> _Description of the task_: How do the lines below between the ones holding "- Nyinköpt VW" and "圖1. CMGN與傳統(tǒ", inclusive, read? Give them again exactly, with no other lines.

> _Working data_:
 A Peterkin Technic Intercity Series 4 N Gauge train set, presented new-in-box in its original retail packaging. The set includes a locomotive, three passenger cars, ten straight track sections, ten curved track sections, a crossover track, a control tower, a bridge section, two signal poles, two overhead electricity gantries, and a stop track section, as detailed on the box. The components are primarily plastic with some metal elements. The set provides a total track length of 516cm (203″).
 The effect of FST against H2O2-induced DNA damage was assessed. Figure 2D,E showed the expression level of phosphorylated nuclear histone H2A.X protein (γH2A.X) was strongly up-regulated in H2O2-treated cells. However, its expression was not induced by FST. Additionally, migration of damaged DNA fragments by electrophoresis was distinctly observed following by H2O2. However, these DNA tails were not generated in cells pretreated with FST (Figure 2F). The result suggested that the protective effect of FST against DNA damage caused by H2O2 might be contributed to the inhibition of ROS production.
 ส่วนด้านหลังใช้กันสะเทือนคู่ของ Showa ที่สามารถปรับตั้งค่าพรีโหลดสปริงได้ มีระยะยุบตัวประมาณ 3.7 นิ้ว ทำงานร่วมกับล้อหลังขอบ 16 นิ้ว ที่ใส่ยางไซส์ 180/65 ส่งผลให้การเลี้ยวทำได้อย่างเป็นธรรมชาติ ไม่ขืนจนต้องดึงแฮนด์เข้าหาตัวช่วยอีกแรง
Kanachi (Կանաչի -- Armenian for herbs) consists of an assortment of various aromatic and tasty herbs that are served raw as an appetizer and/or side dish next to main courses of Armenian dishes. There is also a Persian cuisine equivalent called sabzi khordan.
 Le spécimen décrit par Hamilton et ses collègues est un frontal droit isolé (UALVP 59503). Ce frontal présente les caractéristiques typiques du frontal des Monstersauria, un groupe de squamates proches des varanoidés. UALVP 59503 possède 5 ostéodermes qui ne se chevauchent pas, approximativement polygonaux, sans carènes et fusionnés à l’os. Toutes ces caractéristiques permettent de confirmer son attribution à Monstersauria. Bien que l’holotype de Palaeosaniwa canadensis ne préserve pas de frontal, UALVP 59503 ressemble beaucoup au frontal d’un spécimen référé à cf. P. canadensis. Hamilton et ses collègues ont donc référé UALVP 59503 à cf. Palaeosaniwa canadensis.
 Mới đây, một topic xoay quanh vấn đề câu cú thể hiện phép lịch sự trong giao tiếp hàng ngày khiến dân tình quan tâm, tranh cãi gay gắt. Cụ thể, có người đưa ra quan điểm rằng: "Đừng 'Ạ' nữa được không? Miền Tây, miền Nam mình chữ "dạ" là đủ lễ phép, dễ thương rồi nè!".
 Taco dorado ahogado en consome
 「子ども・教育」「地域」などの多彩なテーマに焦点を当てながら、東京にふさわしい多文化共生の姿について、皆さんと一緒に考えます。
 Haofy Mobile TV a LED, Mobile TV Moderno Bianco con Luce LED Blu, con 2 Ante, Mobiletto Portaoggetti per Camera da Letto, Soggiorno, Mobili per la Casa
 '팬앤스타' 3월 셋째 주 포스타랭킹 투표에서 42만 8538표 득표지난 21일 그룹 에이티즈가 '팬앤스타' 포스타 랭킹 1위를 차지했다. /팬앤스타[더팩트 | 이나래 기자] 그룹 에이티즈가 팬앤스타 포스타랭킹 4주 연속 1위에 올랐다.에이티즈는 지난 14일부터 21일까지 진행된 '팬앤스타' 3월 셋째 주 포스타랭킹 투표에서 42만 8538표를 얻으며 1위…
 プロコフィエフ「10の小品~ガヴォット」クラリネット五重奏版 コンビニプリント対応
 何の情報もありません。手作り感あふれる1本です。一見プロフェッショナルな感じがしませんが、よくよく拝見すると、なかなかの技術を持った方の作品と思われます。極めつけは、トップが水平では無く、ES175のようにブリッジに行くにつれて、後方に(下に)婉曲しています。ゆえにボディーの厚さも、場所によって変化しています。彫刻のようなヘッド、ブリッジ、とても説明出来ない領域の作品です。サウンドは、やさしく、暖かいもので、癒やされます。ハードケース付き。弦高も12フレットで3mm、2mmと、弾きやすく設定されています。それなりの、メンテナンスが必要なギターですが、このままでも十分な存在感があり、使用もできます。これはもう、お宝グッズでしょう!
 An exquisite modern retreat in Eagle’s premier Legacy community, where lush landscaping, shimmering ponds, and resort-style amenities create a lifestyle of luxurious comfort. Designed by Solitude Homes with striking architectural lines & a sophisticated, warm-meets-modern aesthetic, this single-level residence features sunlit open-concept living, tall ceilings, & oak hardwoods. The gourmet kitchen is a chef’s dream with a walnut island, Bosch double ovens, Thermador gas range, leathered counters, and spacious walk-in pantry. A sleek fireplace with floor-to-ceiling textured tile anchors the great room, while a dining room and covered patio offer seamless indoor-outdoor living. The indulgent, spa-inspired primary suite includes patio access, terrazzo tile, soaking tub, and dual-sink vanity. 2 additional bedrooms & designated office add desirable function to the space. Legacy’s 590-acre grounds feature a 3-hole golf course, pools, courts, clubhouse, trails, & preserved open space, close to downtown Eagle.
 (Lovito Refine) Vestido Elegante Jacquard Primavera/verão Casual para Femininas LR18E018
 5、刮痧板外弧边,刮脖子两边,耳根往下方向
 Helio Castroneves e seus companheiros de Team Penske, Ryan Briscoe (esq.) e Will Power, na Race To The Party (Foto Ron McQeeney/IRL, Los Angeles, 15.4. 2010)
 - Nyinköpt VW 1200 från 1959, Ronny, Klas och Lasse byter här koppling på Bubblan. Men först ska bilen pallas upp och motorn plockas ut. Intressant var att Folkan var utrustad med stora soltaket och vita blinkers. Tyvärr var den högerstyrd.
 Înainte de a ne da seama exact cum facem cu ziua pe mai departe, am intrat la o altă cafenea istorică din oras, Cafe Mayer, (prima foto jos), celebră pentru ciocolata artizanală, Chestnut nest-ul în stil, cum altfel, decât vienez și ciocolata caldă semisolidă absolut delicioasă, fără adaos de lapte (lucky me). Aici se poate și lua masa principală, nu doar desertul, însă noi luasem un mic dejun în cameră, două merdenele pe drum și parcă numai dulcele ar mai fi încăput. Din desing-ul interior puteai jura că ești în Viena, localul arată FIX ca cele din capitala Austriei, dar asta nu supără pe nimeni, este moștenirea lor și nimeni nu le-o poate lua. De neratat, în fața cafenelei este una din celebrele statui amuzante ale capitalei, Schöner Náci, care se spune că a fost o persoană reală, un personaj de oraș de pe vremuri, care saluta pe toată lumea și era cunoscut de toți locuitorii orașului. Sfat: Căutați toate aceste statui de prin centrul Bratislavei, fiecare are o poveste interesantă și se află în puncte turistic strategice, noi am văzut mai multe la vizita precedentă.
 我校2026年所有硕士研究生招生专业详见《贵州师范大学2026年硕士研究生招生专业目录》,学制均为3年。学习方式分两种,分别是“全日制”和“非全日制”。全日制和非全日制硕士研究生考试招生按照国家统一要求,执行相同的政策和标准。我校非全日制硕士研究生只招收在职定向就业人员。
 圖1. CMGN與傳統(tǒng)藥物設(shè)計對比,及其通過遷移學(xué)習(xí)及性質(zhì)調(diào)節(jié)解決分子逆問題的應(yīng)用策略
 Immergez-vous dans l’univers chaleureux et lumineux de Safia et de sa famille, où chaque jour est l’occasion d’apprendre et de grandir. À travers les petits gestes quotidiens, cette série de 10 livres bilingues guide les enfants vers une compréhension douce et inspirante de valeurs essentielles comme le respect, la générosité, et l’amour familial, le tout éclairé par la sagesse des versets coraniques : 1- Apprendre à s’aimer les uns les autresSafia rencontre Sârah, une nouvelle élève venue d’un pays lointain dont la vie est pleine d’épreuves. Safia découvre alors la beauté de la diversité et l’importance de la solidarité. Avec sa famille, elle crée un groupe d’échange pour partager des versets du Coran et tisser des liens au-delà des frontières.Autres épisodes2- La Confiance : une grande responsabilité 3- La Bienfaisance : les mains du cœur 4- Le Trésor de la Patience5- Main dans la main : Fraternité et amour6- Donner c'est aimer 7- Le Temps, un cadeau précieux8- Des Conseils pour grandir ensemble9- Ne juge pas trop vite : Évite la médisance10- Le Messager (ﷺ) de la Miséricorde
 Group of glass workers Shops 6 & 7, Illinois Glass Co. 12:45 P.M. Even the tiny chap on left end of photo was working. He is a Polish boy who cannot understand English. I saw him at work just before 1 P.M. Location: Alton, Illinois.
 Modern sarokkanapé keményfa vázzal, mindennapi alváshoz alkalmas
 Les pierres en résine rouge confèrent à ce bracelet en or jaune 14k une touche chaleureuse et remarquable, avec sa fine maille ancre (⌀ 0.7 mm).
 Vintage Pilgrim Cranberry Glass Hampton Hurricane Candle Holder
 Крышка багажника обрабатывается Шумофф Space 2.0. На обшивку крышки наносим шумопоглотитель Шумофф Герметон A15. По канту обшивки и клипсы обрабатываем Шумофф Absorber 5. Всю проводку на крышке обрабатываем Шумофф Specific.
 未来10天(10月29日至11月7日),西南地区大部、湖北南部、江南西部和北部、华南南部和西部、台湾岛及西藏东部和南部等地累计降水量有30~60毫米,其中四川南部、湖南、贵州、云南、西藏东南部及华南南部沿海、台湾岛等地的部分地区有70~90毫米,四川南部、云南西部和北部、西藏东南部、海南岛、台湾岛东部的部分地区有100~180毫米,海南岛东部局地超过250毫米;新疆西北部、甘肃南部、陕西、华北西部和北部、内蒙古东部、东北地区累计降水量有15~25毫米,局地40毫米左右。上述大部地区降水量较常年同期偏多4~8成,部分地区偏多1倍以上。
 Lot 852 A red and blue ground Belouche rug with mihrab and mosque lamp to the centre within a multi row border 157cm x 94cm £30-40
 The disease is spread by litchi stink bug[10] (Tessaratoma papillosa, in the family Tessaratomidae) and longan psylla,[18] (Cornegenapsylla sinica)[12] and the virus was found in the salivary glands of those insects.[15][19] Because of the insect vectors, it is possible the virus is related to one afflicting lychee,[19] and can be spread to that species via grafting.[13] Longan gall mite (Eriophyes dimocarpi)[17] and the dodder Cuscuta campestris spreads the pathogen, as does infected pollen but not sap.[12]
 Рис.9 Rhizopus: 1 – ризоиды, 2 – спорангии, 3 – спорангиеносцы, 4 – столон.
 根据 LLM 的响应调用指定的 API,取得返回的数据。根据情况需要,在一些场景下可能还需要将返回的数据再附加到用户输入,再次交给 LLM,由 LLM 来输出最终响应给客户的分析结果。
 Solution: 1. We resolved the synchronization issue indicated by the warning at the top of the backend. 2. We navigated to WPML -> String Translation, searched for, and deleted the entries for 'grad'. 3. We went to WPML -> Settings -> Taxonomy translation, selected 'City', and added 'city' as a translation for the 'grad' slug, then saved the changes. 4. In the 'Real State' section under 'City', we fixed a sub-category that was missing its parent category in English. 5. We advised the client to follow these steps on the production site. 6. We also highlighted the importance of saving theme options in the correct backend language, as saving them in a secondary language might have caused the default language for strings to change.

> _Your solution_:
 - Nyinköpt VW 1200 från 1959, Ronny, Klas och Lasse byter här koppling på Bubblan. Men först ska bilen pallas upp och motorn plockas ut. Intressant var att Folkan var utrustad med stora soltaket och vita blinkers. Tyvärr var den högerstyrd.
 Înainte de a ne da seama exact cum facem cu ziua pe mai departe, am intrat la o altă cafenea istorică din oras, Cafe Mayer, (prima foto jos), celebră pentru ciocolata artizanală, Chestnut nest-ul în stil, cum altfel, decât vienez și ciocolata caldă semisolidă absolut delicioasă, fără adaos de lapte (lucky me). Aici se poate și lua masa principală, nu doar desertul, însă noi luasem un mic dejun în cameră, două merdenele pe drum și parcă numai dulcele ar mai fi încăput. Din desing-ul interior puteai jura că ești în Viena, localul arată FIX ca cele din capitala Austriei, dar asta nu supără pe nimeni, este moștenirea lor și nimeni nu le-o poate lua. De neratat, în fața cafenelei este una din celebrele statui amuzante ale capitalei, Schöner Náci, care se spune că a fost o persoană reală, un personaj de oraș de pe vremuri, care saluta pe toată lumea și era cunoscut de toți locuitorii orașului. Sfat: Căutați toate aceste statui de prin centrul Bratislavei, fiecare are o poveste interesantă și se află în puncte turistic strategice, noi am văzut mai multe la vizita precedentă.
 我校2026年所有硕士研究生招生专业详见《贵州师范大学2026年硕士研究生招生专业目录》,学制均为3年。学习方式分两种,分别是“全日制”和“非全日制”。全日制和非全日制硕士研究生考试招生按照国家统一要求,执行相同的政策和标准。我校非全日制硕士研究生只招收在职定向就业人员。
 圖1. CMGN與傳統(tǒng)藥物設(shè)計對比,及其通過遷移學(xué)習(xí)及性質(zhì)調(diào)節(jié)解決分子逆問題的應(yīng)用策略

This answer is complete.